● Directions for this task: Output exactly, in the material below, the lines from the one with "Untuk mengatasi masalah" through the one with "商品名称:晨光AGPJ7704 针尖锥系列速干小毛刷硅胶按动笔中性笔高颜值ins考试专用刷题笔 0.5mm". Omit all pictures.

● Records provided:
====================

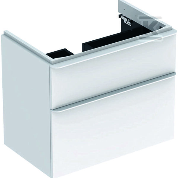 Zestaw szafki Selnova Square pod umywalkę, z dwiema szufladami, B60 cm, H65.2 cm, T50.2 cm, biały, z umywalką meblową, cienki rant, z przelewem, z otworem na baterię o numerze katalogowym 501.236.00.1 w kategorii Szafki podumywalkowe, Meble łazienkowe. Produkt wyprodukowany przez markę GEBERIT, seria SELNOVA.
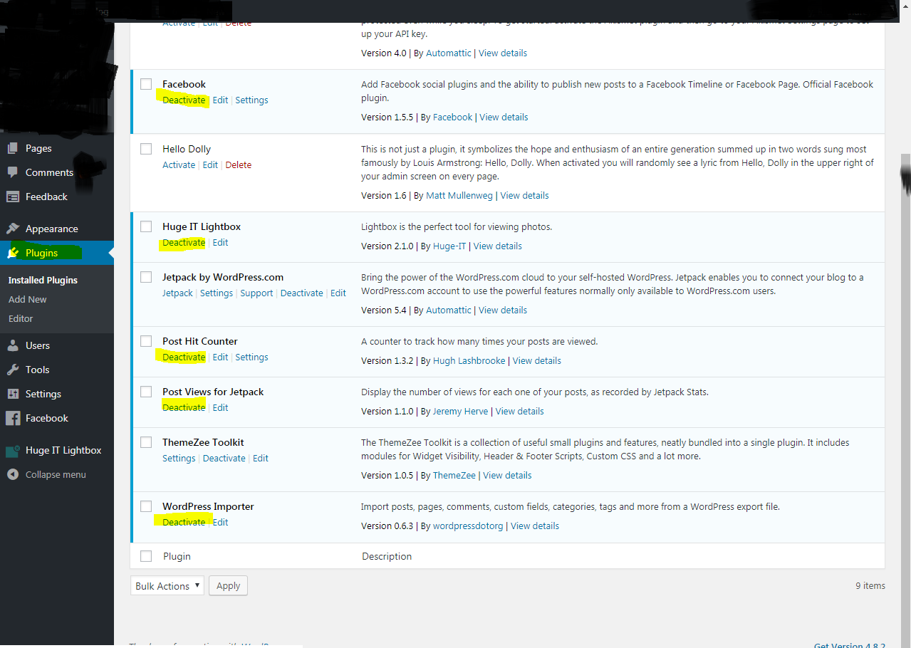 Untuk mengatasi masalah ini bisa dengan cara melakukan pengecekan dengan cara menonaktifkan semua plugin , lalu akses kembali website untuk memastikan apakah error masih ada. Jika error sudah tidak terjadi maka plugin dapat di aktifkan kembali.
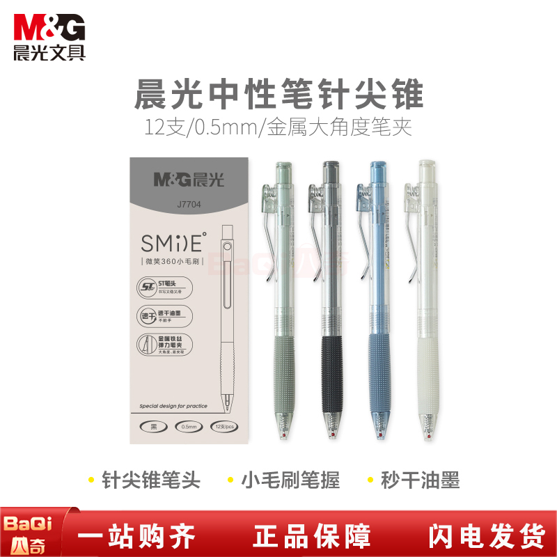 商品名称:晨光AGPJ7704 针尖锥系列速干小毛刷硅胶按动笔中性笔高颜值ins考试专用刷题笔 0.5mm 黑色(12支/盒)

====================

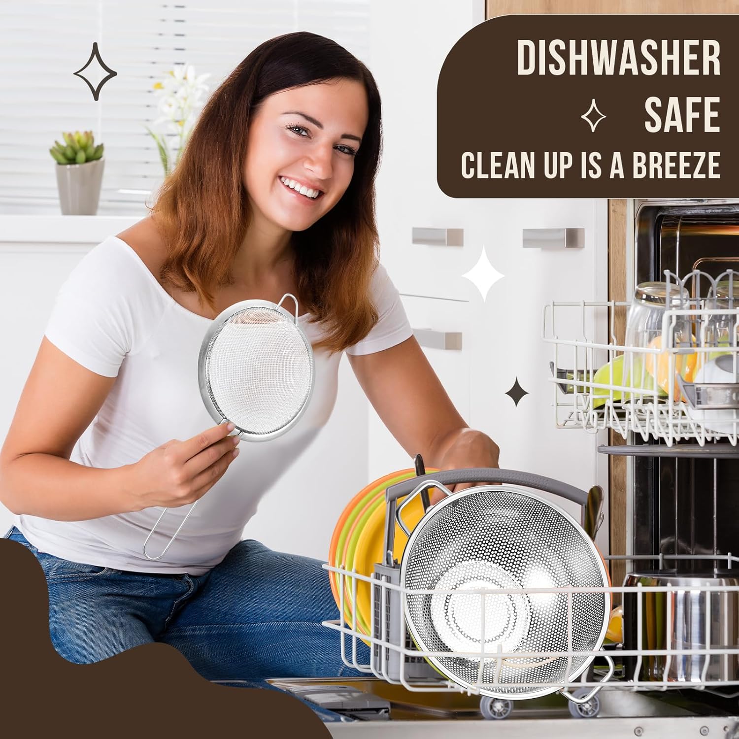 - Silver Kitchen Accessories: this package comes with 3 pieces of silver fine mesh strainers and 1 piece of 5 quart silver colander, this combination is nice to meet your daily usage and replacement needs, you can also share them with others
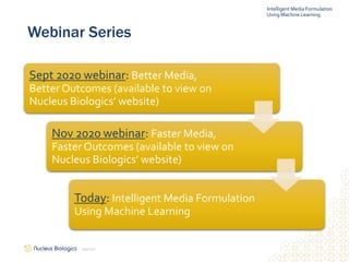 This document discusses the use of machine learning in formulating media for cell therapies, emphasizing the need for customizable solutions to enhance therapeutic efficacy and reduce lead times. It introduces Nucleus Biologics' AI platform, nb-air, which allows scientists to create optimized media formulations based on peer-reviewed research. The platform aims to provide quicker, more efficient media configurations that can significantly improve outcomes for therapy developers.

====================

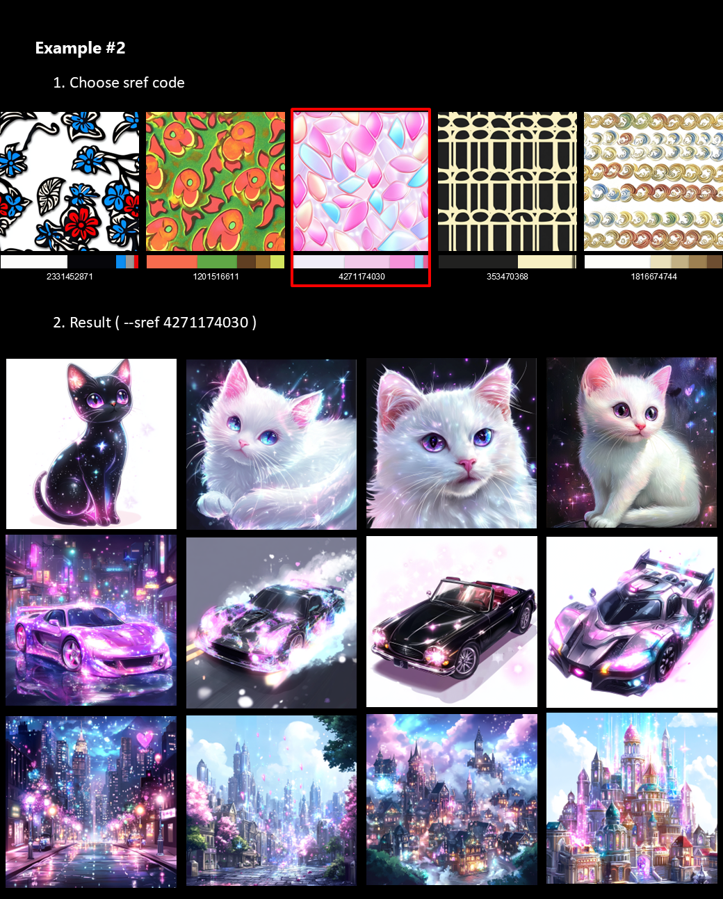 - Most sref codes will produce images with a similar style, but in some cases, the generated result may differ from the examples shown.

====================

● Response below:
 Untuk mengatasi masalah ini bisa dengan cara melakukan pengecekan dengan cara menonaktifkan semua plugin , lalu akses kembali website untuk memastikan apakah error masih ada. Jika error sudah tidak terjadi maka plugin dapat di aktifkan kembali.
 商品名称:晨光AGPJ7704 针尖锥系列速干小毛刷硅胶按动笔中性笔高颜值ins考试专用刷题笔 0.5mm 黑色(12支/盒)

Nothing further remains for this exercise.